Ocean

Before the human-caused global warming and rising greenhouse gas emissions, ocean surfaces had actually undergone nearly 2,000 years of global cooling, a study found.

An international team of researchers, including University of Maryland professors, found evidence of a steady global cooling trend that occurred before the 19th century in a study published Aug. 17 in the journal Nature Geoscience.

The researchers combined 57 published surface ocean reconstructions of past temperature change over the past two millennia and observed long-term trends in 200-year windows.

Michael Evans, a geology professor and co-author of the study, said the study was a comprehensive look at warming and cooling cycles that revealed a long period of cooling before more recent warming.

“This is the first study that synthesizes only surface ocean reconstructions for the past 2,000 years,” Evans said. “The world’s oceans contain vast amounts of heat relative to the atmosphere, and as such regulate the climate on long timescales.”

The 200-year windows from 1001 to 1800 showed a significant cooling trend, but those from 1800 to 2000 showed warmer trends than the previous windows, Kaustubh Thirumalai, a co-author and doctoral candidate from the University of Texas, wrote in an email.

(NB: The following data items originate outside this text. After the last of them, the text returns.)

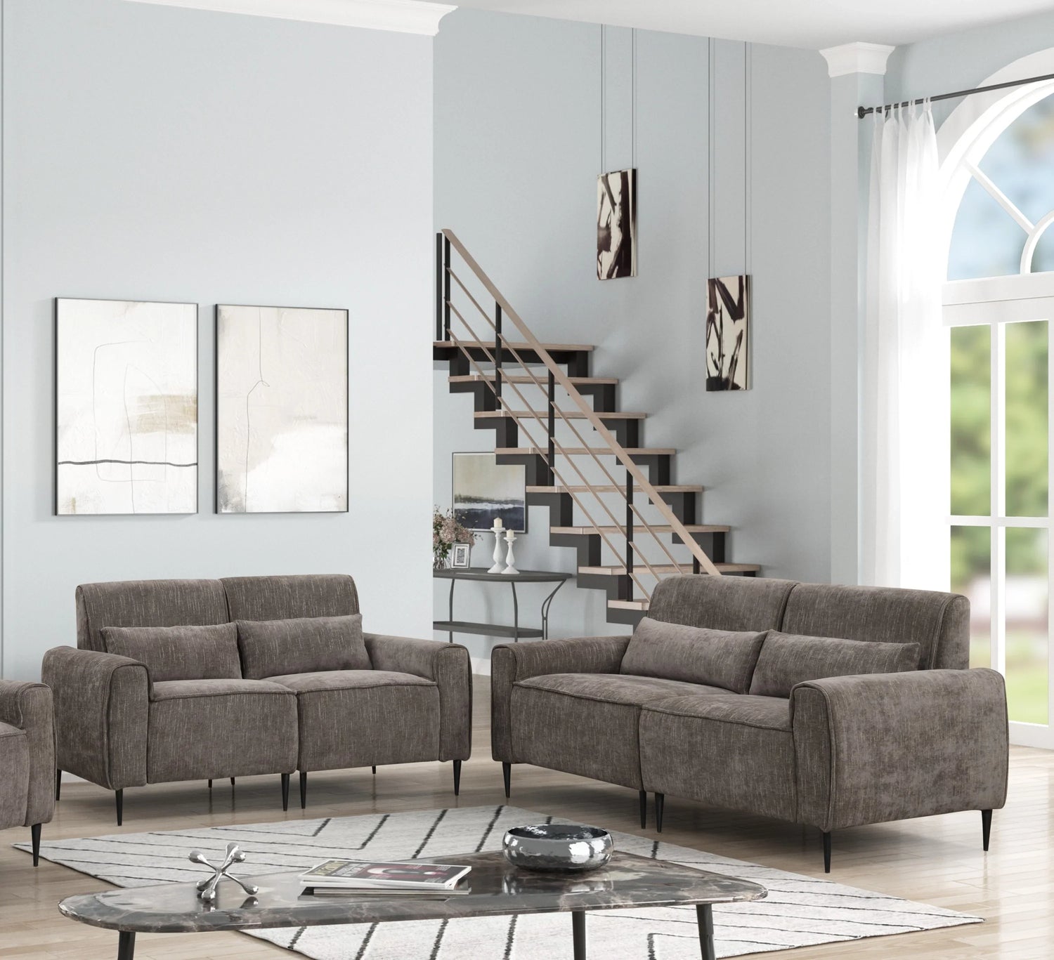 Valentina 74" Gray Chenille Sofa and Loveseat Living Room Set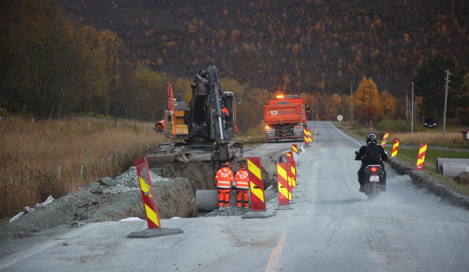 I Storfjord i Troms er E6 gravd over. Fra stikkrenna under veien hentes et gammelt stålrør opp og erstattes med et betongrør med større dimensjon. Trafikken er lysregulert forbi og venter tålmodig.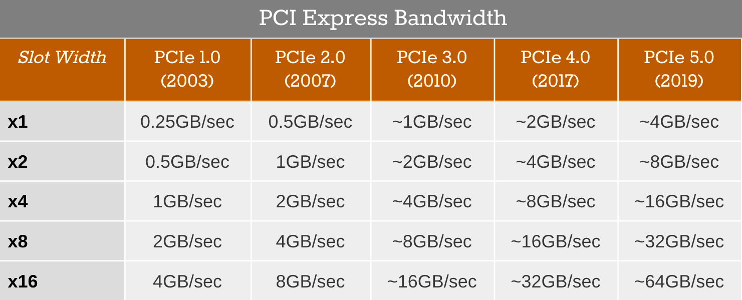 Чтобы наглядно понять о каких скоростях идет речь привету таблицу пропускной способности шины PCI-Express: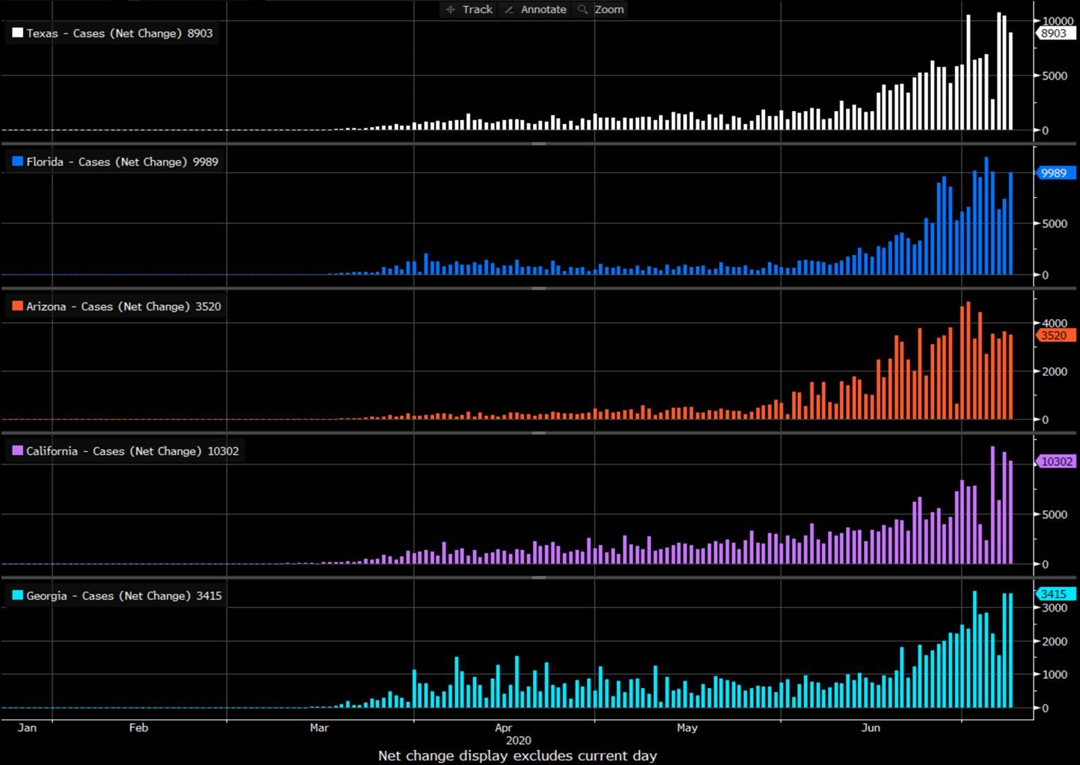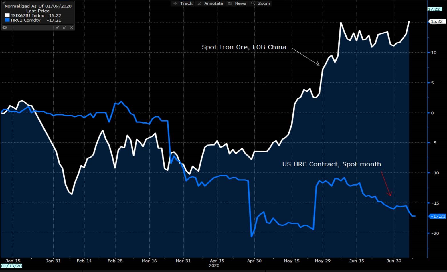 The other factor worth mentioning is the surge in virus cases in a number of states here in the U.S. This has caused traders to question how much we will need to “tap the brakes” on reopening the economy—and may be causing some steel demand jitters:
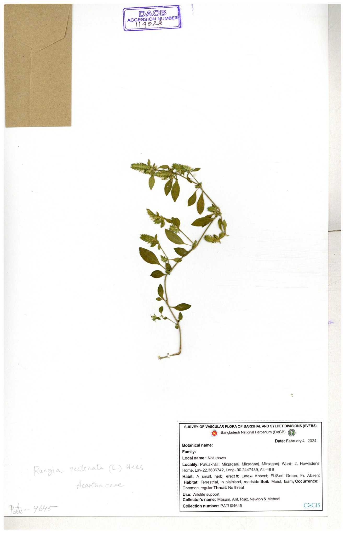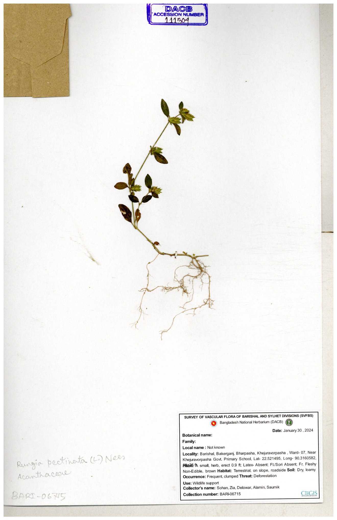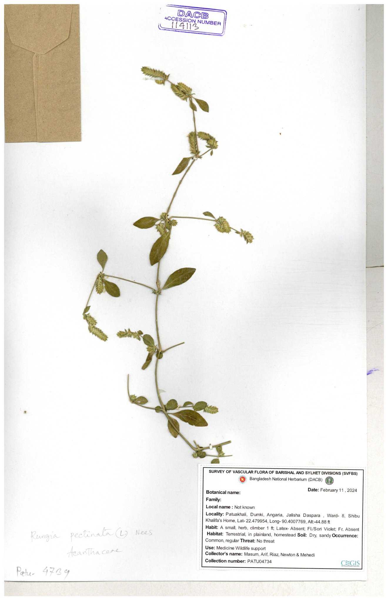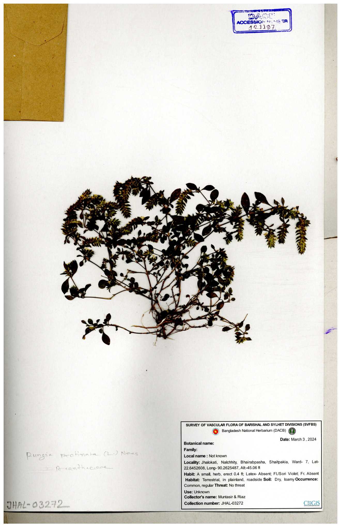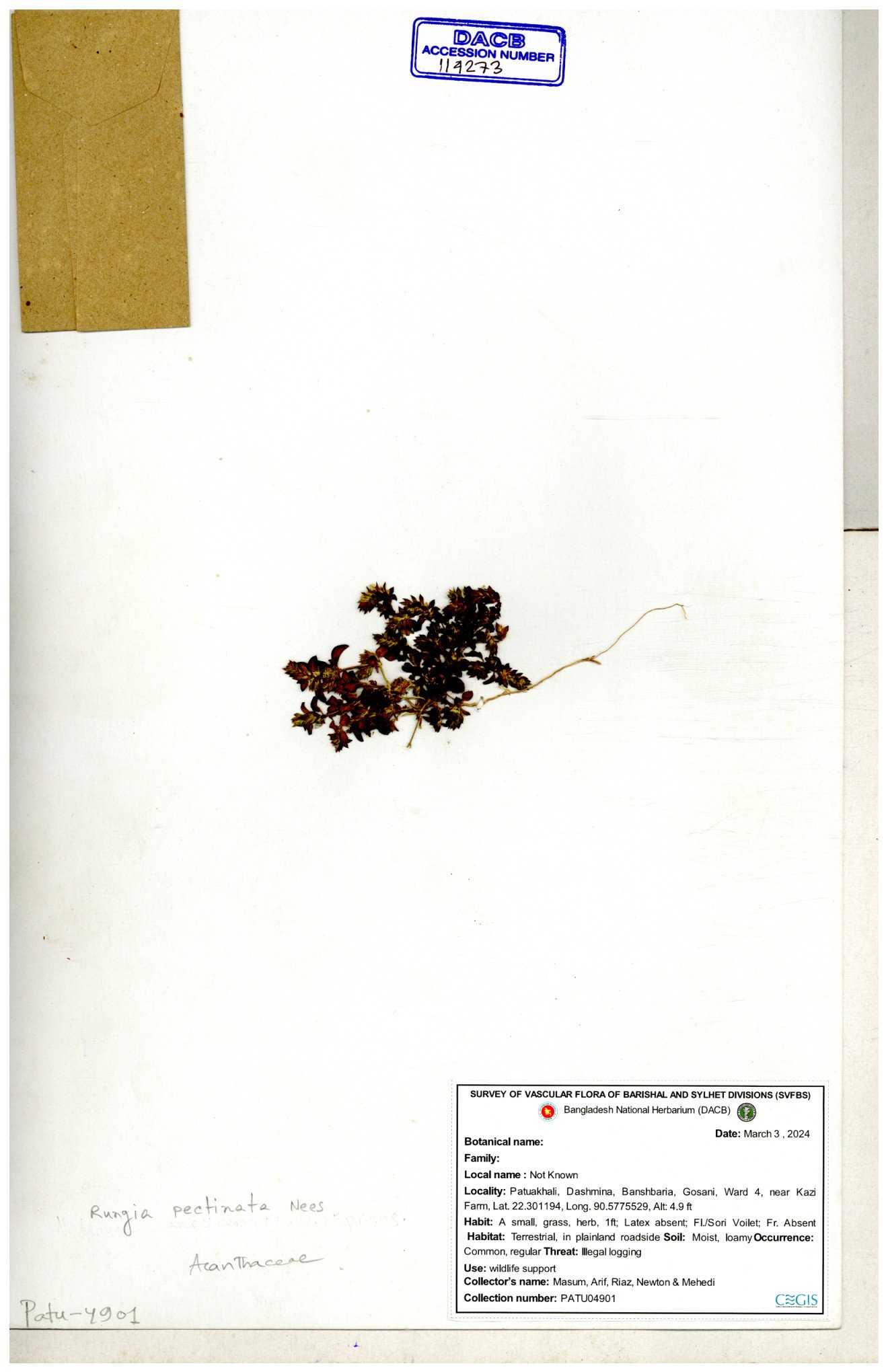 | 66564 | Acanthaceae | Rungia Pectinata | Haktol nogor (Chakma) | Joyanta, Mominur, Al amin, Kamrul & Suborno | JCR-2508 30-01-2017 |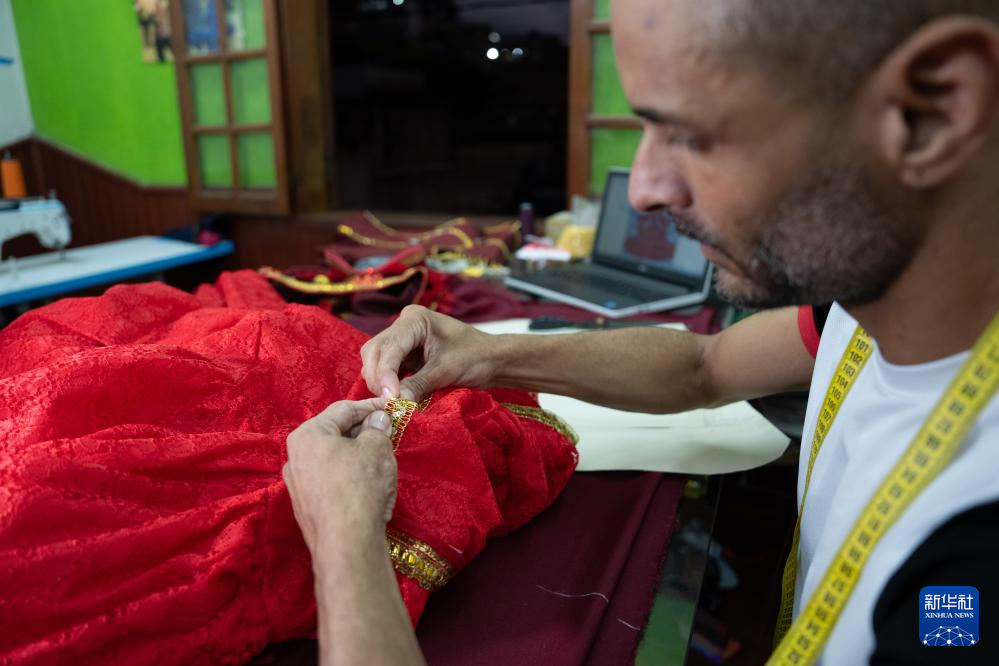 1月24日,在巴西贝洛奥里藏特,毛罗·恩里克·德奥利韦拉·梅洛在裁缝工作室制作“紫禁城方阵”的服装。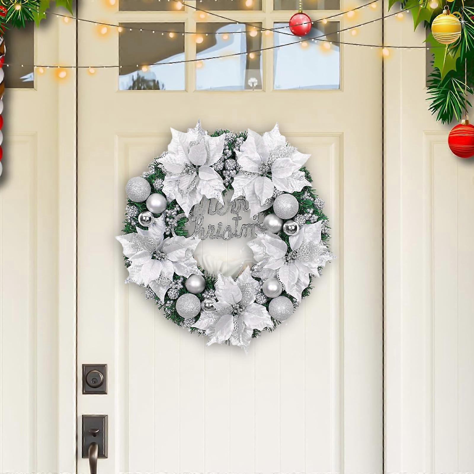 Christmas Wreath with Balls & Plastic Flowers, Holiday Garland for Winter Home Decor, Front Door Xmas Decorations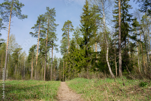 Obraz premium patch in a mixed birch, pine and fir tree forest in morning time
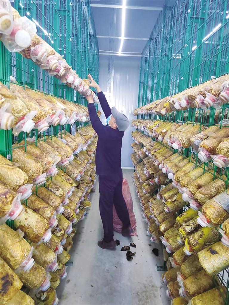 采收桑黃。記者 王靜 攝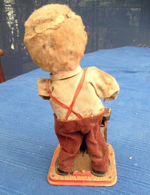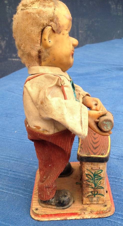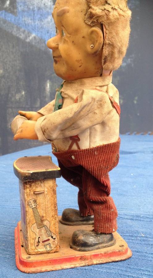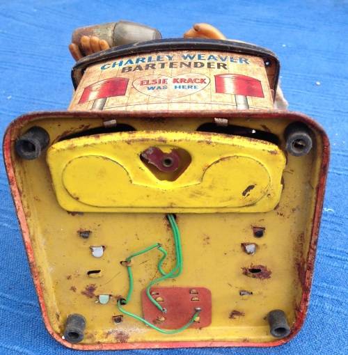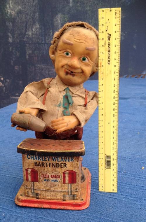 Vintage "Charlie Weaver" Bartender Toy. This Battery operated Tin Toy was produced in 1962 in Japan for Rosko Toys (Roy Rogers Enterprises). Originally the face turned red and smoke came out of his ears when the drink glass reaches his mouth. Charlie runs on 2 "D" cell batteries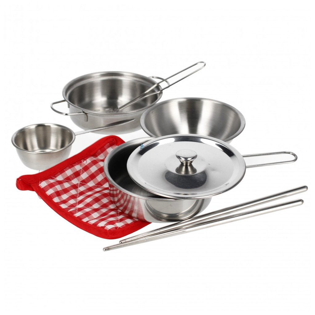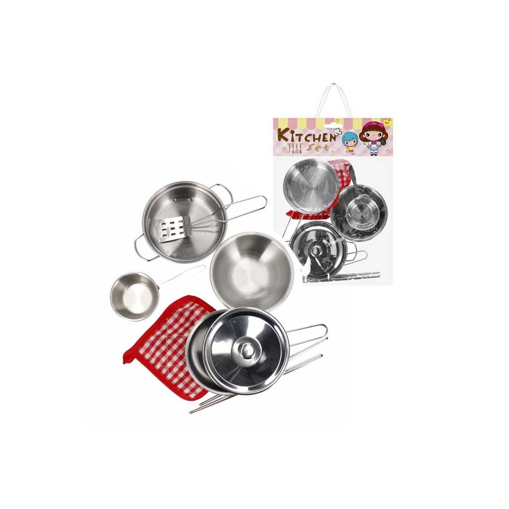 Set do kuchyne, obsah súpravy je 1x hrniec s rukoväťou, 1x utierka, 2x hrniec, 1x pokrievka, 1x misa, 1x naberačka, 1x sada. paličky. Rozmery balenia sú 21x34x5cm. hmotnosť produktu bez obalu [kg]: Výrobok je určený pre deti vo veku: 3+. Rozmer (cm)

“We might roughly estimate that in the past century or so, sea surface temperature is increasing at a rate about 20 times faster than it was cooling over the previous millennium,” Evans said.

Water is denser and has a higher heat capacity than air, meaning that oceans absorb more heat energy and trap it longer. Oceans will warm or cool slowly in response to changes in global temperature, Evans said.

The research team compared ocean observations to climate model simulations and learned more about what might have caused global-scale ocean climate variations. Possibilities included volcanic eruptions, greenhouse gases, solar variations, shifts in Earth’s orbital parameters and land use changes, Evans said.

“Only when the climate models included climate forcing exerted by volcanoes were the different models we used able to simulate the cooling trend we observed,” Thirumalai wrote. “Therefore we conclude that significant volcanism at the turn of the last millennium played a big role in causing the cooling trend we observe.”

Volcanic aerosols in the stratosphere could have spread rapidly around the globe and caused cooling, as they reflect solar radiation into space before it reaches the Earth.

“We can use [the study] to understand natural variability of the climate system and to better understand what might potentially be in store for us in the future,” Thirumulai wrote.

The next phase of the research will begin in October with a workshop in Spain and will focus on temperature trends below ocean surfaces and regional studies, Evans said.

Antonio Busalacchi, an atmospheric and oceanic science professor who was not involved in the research, said the study provides a larger context for climate change research.

“The significance of this recent work is that it provides a longer-term climate context that shows how the rapid global warming we have been experiencing is not a result of fewer volcanic episodes,” he said, “but rather can only be explained by the increases in greenhouse gases that have accumulated in the atmosphere over the past 100 years.”